→ Assigned task: Using the records that appear below, write out exactly the lines from the one with "หินอัญมณีสีเขี" through the one with "塔外绕着双螺旋步道,慢慢走上", keeping both end lines.

→ Entries supplied:
====

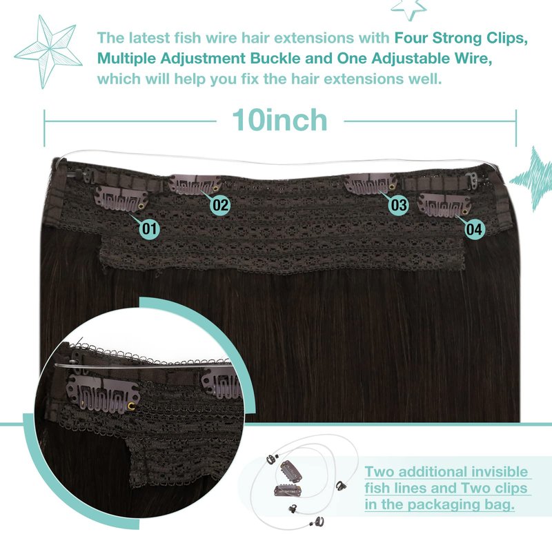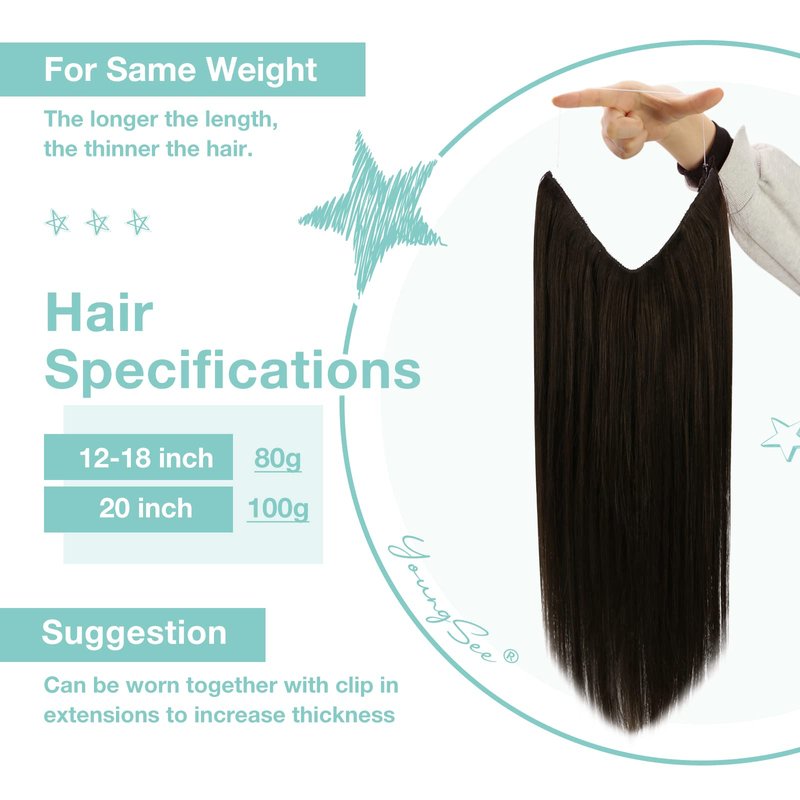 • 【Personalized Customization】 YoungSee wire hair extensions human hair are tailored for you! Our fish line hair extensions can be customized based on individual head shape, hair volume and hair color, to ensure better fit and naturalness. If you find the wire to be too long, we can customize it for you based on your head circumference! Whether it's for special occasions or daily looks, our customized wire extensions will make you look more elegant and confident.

====

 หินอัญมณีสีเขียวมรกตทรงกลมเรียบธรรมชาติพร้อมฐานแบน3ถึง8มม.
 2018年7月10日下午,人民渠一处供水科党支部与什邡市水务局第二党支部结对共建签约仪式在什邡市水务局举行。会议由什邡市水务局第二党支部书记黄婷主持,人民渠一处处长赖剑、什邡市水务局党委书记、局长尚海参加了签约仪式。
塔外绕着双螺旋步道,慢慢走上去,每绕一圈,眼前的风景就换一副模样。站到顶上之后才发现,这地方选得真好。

====

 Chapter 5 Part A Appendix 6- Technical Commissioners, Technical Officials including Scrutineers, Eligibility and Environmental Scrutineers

====

→ Answer area:
 หินอัญมณีสีเขียวมรกตทรงกลมเรียบธรรมชาติพร้อมฐานแบน3ถึง8มม.
 2018年7月10日下午,人民渠一处供水科党支部与什邡市水务局第二党支部结对共建签约仪式在什邡市水务局举行。会议由什邡市水务局第二党支部书记黄婷主持,人民渠一处处长赖剑、什邡市水务局党委书记、局长尚海参加了签约仪式。
塔外绕着双螺旋步道,慢慢走上去,每绕一圈,眼前的风景就换一副模样。站到顶上之后才发现,这地方选得真好。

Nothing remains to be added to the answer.